What is Bitcoin?
If you’ve been here, you’ve heard of Bitcoin. It has been in the headlines for the last few years or so – as a scheme to get rich quick, to run out of money, the birth of the true international currency, the end of the world, or the world as advanced technology. But what is Bitcoin?
In short, you might say that Bitcoin is the first decentralized system of money used for online transactions, but it will probably be useful to dig a little deeper.
We all know, in general, what ‘money’ is and what it is used for. The most significant thing about the use of money before Bitcoin is that it is centralized and controlled by a single entity – the centralized banking system. Bitcoin was invented in 2008/2009 by an unknown creator who went by the pseudonym ‘Satoshi Nakamoto’ to bring decentralization of money worldwide. The idea is that currencies can be traded internationally without any hassle or fees, checks and balances will be distributed all over the world (not just in the accounts of private corporations or government), and money will become more democratic. Equally accessible to all.

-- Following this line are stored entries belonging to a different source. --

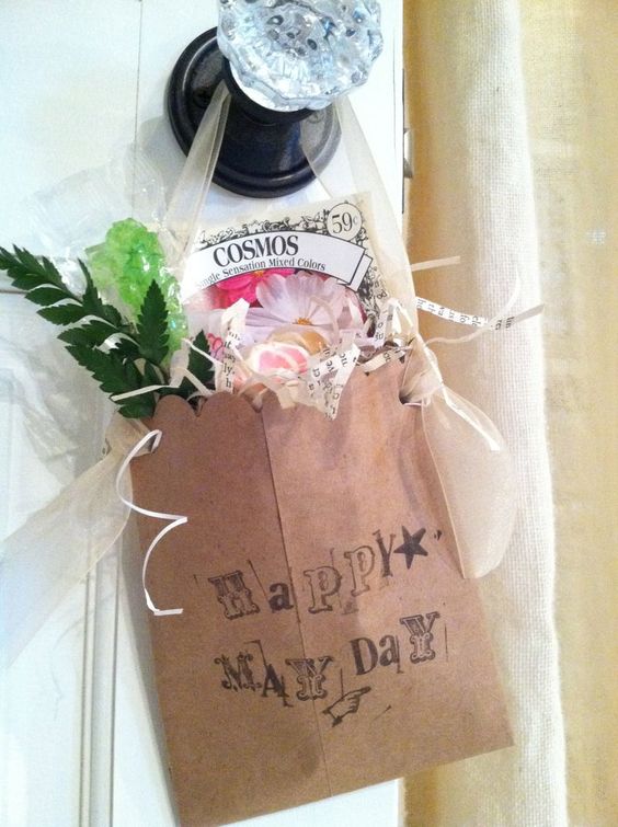 Une autre idée de panier de mai…Vous pouvez également utiliser un simple sac de papier que vous décorerez avec des estampes, un ruban et même en utilisant des ciseaux dentelés. À l’intérieur du sac, pourquoi ne pas y mettre des enveloppes de semences de fleurs? Un joli cadeau du printemps! 🙂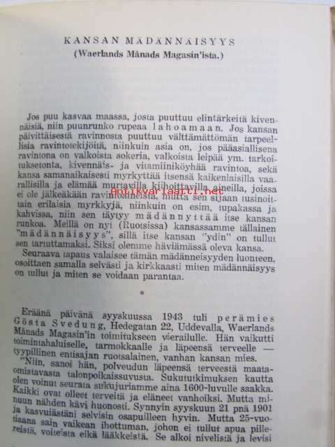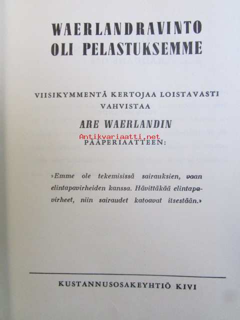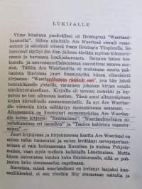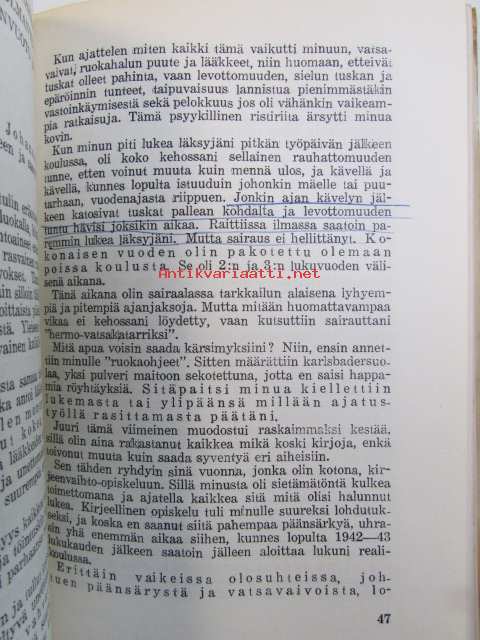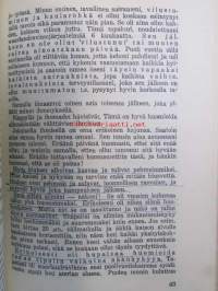 | Saatavilla | 1 kpl | | Julkaisuvuosi | 1948 | | Sivuja | 190 | | Kunto | K2 | | Sidonta/painoasu | Nidottu (pehmeäk.) | | Kielet | Suomi |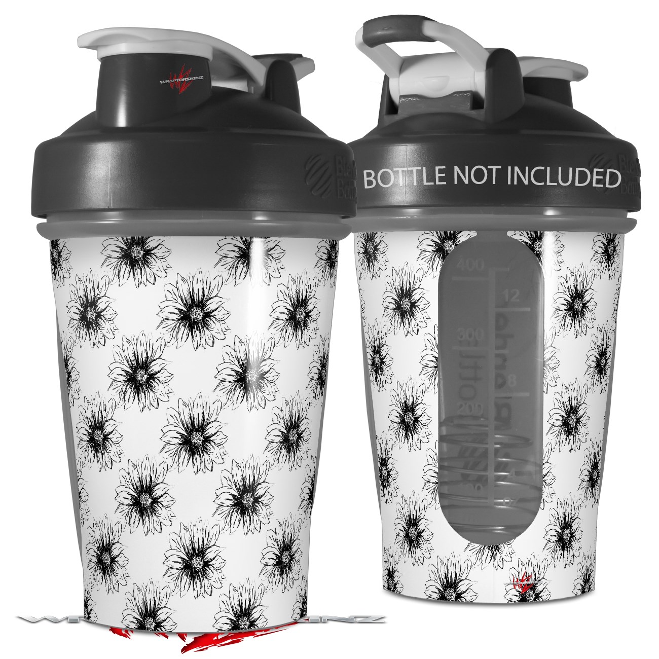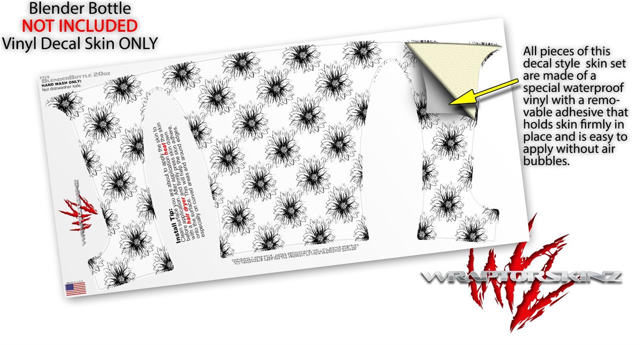 Decal Style Skin Wrap works with Blender Bottle 20oz Kearas Daisies Black on White (BOTTLE NOT INCLUDED)

How did Bitcoin get started?
The concept of Bitcoin, and cryptocurrency in general, was started in 2009 by Satoshi, an unknown researcher. The reason for its invention was to solve the problem of centralization in the use of money which depended on banks and computers, a problem which many computer scientists were not happy with. Attempts to achieve decentralization have been unsuccessful since the late 90’s, so when Satoshi published a research paper providing a solution in 2008, it was irresistibly welcomed. Today, Bitcoin has become a well-known currency for Internet users and has given birth to thousands of ‘Altcoins’ (non-Bitcoin cryptocurrencies).
How is Bitcoin made?
Bitcoin is created through a process called mining. As paper money is made through printing, and gold is mined from the ground, bitcoin is made by ‘mining’. Mining involves solving complex mathematical problems related to blocks using a computer and attaching them to a public ledger. When it started, I needed a simple CPU (like on your home computer), however, the difficulty level increased significantly and now you will need special hardware, including a high end graphics processing unit (GPU). Take out the bitcoin.
How do I invest?
First, you need to open an account with a trading platform and create a wallet; You can find some examples by searching Google for ‘Bitcoin Trading Platform’ – they usually have the name ‘Coin’, or ‘Market’. After joining one of these platforms, you click Resources, and then click Crypto to choose your preferred currency. Each platform has a number of indicators that are important, and don’t forget to check them out before you invest.
Simply buy and hold
While mining is the surest and easiest way to earn bitcoin, there is a lot of rush involved, and the cost of electricity and specialized computer hardware makes it accessible to most of us. To avoid all of this, make it easy for yourself, input the amount you want directly from your bank and click “Buy”, then sit back and watch your investment grow as the price changes. This is called exchange and it is performed on many. Exchange platforms available today with the ability to trade between different Fiat currencies (USD, AUD, GBP, etc.) and different crypto coins (Bitcoin, Ethereum, Litecoin, etc.).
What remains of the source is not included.